Why? Because this was all his idea. That’s what Hoiberg revealed during a question-and-answer sessions with Grantland’s Zach Lowe:
[Lowe]:How was the conversation when you told Joakim he officially wasn’t going to start?
[Hoiberg]: Jo actually came to me and talked to me about that. He said, basically, “I’ve always played well with Taj.” He said he thought Niko and Pau played very well together, so let’s go that route. It was actually Jo that started the whole conversation. He came to me. That says a lot about him.
[Lowe]:Were you already leaning that way anyway — like as early as August or September?
[Hoiberg]: I had thought a lot about a lot of different lineups. I hadn’t come to any type of conclusion. But it was great of Jo to just come and have that conversation.
[Lowe]: Could it flip back? I already get nervous watching those bench units trying to generate offense.

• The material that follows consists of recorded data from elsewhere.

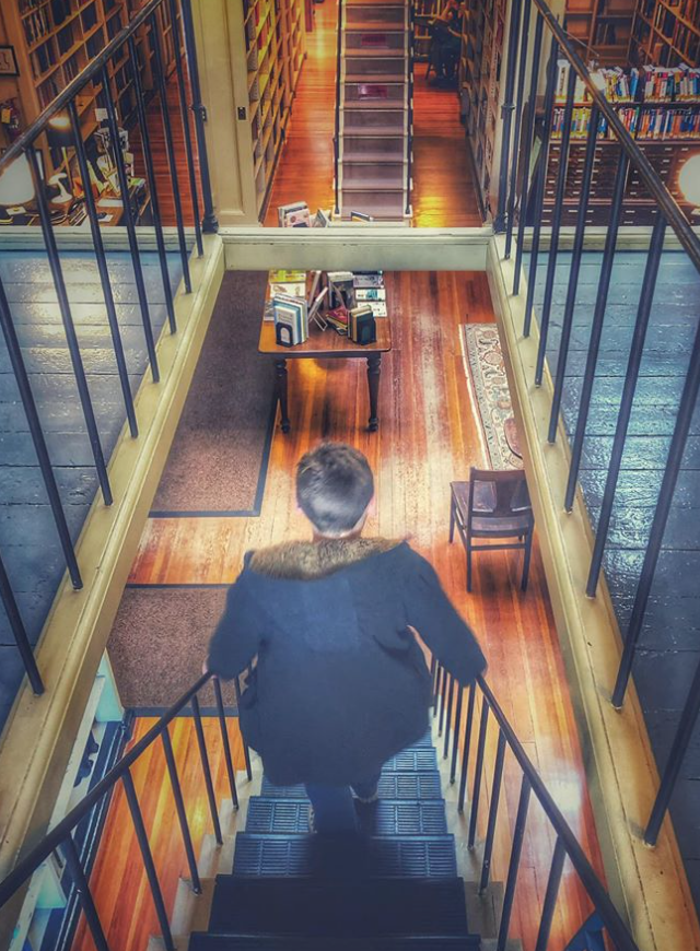 He really lucked out with creaky, old stairs and ladders all over this library!
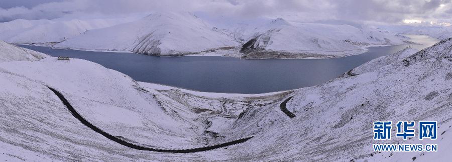 这是羊卓雍错雪景(10月31日摄)。雪后的羊卓雍错在银装素裹的山脉以及白茫茫的天空映衬下显得晶莹剔透、静谧、圣洁。 新华社记者 刘东君 摄
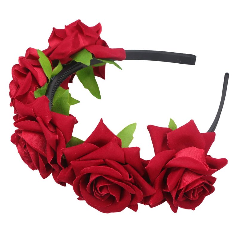 Headband Wedding Party Hairband Day of Dead Flower Crown (Claret)
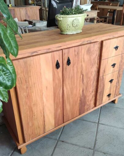 Este móvel é feito com madeira de demolição, portanto podem ter ranhuras ou marcas de prego típico do produto.

[Hoiberg]: Sure. We’re not married to anything right now. We’ll see how things go. I liked the chemistry of our first group last night [against Cleveland]. I thought the bench guys came out and played well.
Now, on some level, Joakim Noah might of just been making Hoiberg’s job easier. Maybe he sensed things were headed in that direction, and rather than fight it or wait to see if Hoiberg would, in fact, make that change on his own, he embraced it and owned it and orchestrated it for the sake of the team.
Or perhaps he really doesn’t care. He’s always been lauded as a team guy, and this was the ultimate team-first move. He’s still going to play provided he’s healthy, and if the Bulls emerge as the biggest threat to the Cleveland Cavaliers’ Eastern Conference throne, that’s all the more reason for him to continue owning and loving his role.
Really, that’s the key to everything. So long as the Bulls win, Joakim Noah will have no reason to second guess how he’s being used.